**WHAT THE EXERCISE ASKS**
Everything below from the line with "Engineered through our" through the line with "A breathtaking tribute" must be retyped exactly, except the pictures.
*** Opening of GIVEN ENTRIES ***
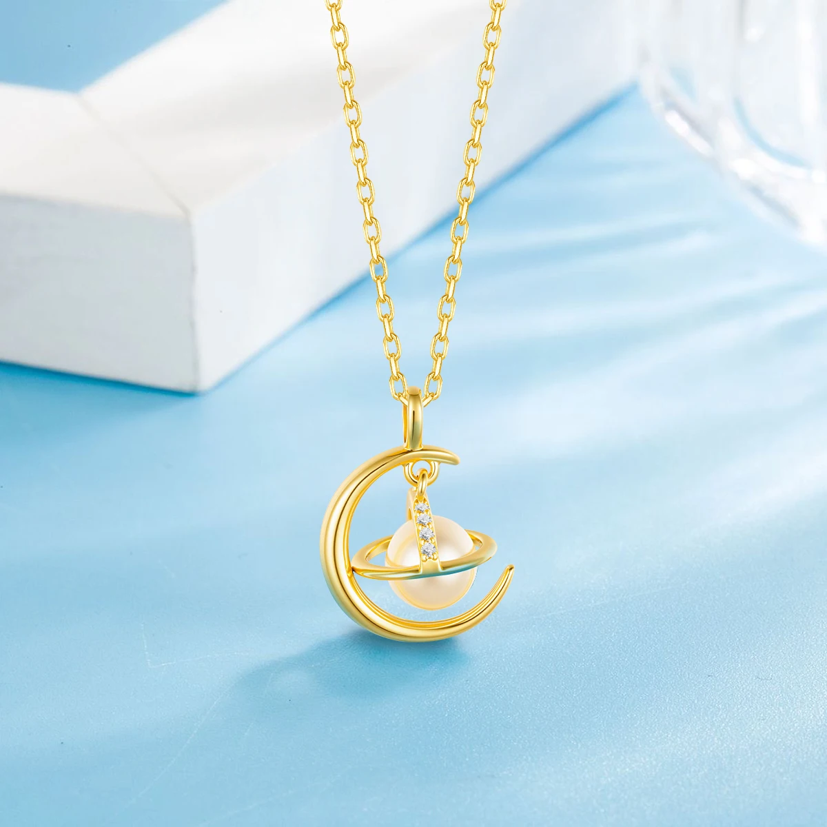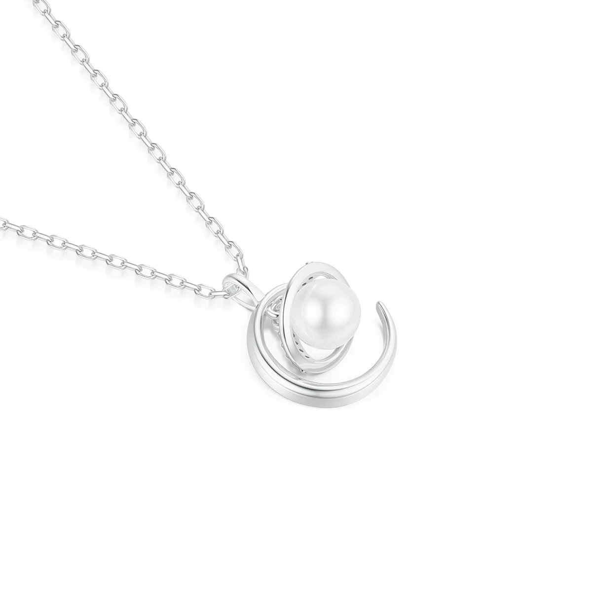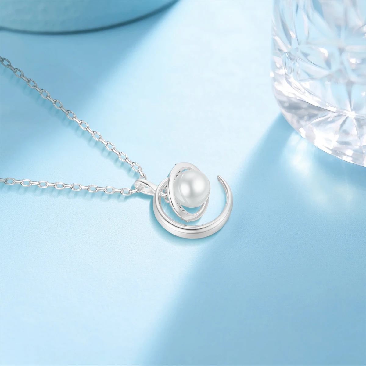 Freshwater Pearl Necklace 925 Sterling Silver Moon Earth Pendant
*** Close of GIVEN ENTRIES ***
*** Opening of GIVEN ENTRIES ***
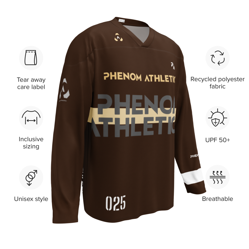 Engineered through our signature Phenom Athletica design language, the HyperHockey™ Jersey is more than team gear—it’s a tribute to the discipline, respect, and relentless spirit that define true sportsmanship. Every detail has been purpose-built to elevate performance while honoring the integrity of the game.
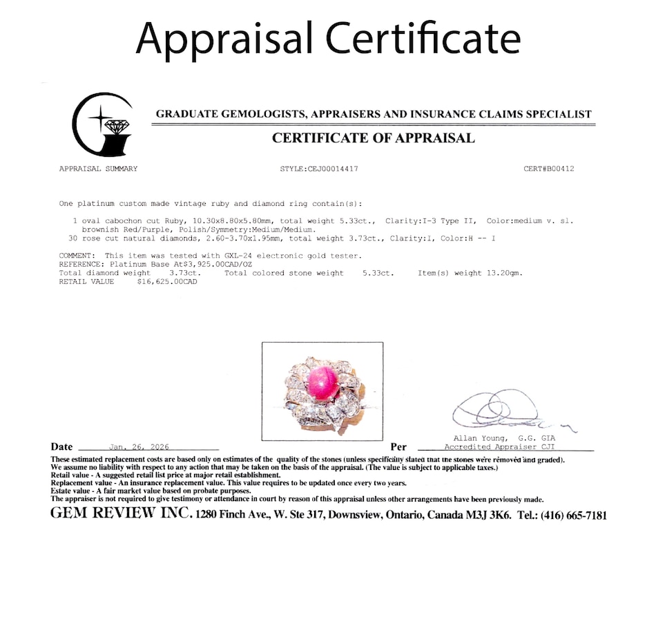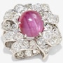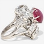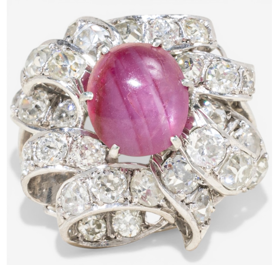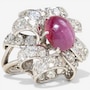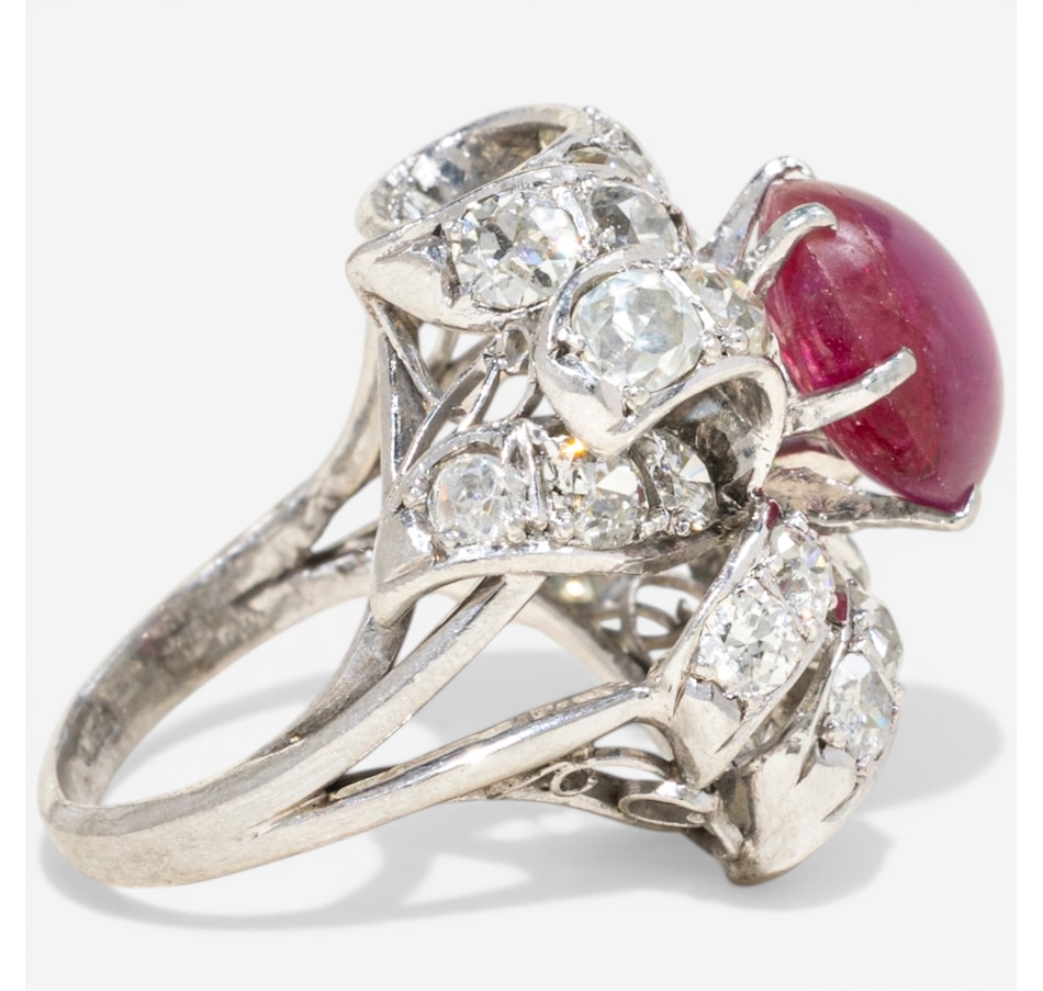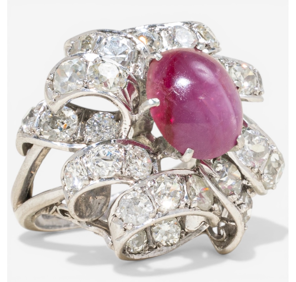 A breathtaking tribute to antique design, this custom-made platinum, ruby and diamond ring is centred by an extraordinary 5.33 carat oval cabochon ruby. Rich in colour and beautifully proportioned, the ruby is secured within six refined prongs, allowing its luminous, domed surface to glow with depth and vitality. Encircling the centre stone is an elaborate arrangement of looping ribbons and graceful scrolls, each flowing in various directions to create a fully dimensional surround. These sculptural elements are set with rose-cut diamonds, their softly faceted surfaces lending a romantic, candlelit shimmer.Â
*** Close of GIVEN ENTRIES ***
*** Opening of GIVEN ENTRIES ***
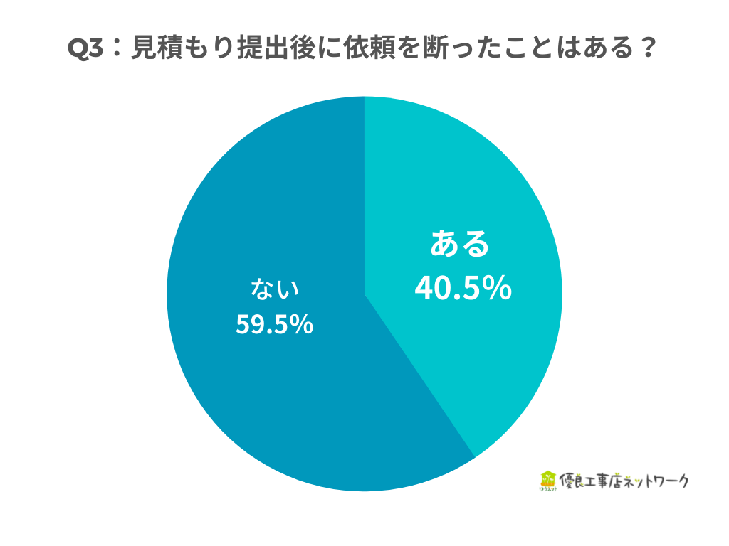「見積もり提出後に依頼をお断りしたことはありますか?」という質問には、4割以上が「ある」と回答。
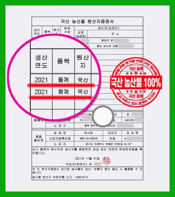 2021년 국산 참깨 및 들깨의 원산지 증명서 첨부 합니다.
*** Close of GIVEN ENTRIES ***
**TASK ANSWER**
 Engineered through our signature Phenom Athletica design language, the HyperHockey™ Jersey is more than team gear—it’s a tribute to the discipline, respect, and relentless spirit that define true sportsmanship. Every detail has been purpose-built to elevate performance while honoring the integrity of the game.
 A breathtaking tribute to antique design, this custom-made platinum, ruby and diamond ring is centred by an extraordinary 5.33 carat oval cabochon ruby. Rich in colour and beautifully proportioned, the ruby is secured within six refined prongs, allowing its luminous, domed surface to glow with depth and vitality. Encircling the centre stone is an elaborate arrangement of looping ribbons and graceful scrolls, each flowing in various directions to create a fully dimensional surround. These sculptural elements are set with rose-cut diamonds, their softly faceted surfaces lending a romantic, candlelit shimmer.Â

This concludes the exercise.